DATA SHOWN START

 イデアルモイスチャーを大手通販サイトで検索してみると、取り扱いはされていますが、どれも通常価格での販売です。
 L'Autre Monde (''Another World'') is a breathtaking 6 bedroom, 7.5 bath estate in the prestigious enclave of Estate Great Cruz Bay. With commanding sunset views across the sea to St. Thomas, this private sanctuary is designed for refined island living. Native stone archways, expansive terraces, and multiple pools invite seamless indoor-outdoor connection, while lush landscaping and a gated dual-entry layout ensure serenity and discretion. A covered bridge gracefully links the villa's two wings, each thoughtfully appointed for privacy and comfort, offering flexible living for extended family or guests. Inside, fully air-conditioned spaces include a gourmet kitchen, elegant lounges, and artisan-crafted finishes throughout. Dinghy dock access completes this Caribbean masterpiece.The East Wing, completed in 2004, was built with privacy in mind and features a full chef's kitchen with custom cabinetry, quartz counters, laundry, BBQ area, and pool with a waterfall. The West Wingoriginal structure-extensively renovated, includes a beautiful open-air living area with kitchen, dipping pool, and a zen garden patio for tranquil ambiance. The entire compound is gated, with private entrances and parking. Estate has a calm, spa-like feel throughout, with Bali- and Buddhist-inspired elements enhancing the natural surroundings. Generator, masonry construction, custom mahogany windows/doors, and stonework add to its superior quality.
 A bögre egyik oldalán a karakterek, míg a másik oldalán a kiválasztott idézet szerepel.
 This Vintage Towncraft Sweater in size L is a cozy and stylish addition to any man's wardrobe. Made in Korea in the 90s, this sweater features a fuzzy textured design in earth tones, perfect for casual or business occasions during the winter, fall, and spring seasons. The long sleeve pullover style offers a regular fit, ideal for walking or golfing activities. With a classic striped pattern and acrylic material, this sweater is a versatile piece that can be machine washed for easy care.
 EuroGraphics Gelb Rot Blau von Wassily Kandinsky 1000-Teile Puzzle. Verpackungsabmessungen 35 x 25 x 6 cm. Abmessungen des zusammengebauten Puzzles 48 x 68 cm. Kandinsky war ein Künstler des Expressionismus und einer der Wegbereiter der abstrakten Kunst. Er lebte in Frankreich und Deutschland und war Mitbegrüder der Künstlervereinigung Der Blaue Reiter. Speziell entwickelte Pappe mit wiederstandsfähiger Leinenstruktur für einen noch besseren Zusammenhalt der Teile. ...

DATA SHOWN END

### WHAT YOU HAVE TO DO
Go through the data above from its first line and copy each line exactly, stopping once the line with "L'Autre Monde (''Another" has been copied.

### REPLY TO THE TASK
 イデアルモイスチャーを大手通販サイトで検索してみると、取り扱いはされていますが、どれも通常価格での販売です。
 L'Autre Monde (''Another World'') is a breathtaking 6 bedroom, 7.5 bath estate in the prestigious enclave of Estate Great Cruz Bay. With commanding sunset views across the sea to St. Thomas, this private sanctuary is designed for refined island living. Native stone archways, expansive terraces, and multiple pools invite seamless indoor-outdoor connection, while lush landscaping and a gated dual-entry layout ensure serenity and discretion. A covered bridge gracefully links the villa's two wings, each thoughtfully appointed for privacy and comfort, offering flexible living for extended family or guests. Inside, fully air-conditioned spaces include a gourmet kitchen, elegant lounges, and artisan-crafted finishes throughout. Dinghy dock access completes this Caribbean masterpiece.The East Wing, completed in 2004, was built with privacy in mind and features a full chef's kitchen with custom cabinetry, quartz counters, laundry, BBQ area, and pool with a waterfall. The West Wingoriginal structure-extensively renovated, includes a beautiful open-air living area with kitchen, dipping pool, and a zen garden patio for tranquil ambiance. The entire compound is gated, with private entrances and parking. Estate has a calm, spa-like feel throughout, with Bali- and Buddhist-inspired elements enhancing the natural surroundings. Generator, masonry construction, custom mahogany windows/doors, and stonework add to its superior quality.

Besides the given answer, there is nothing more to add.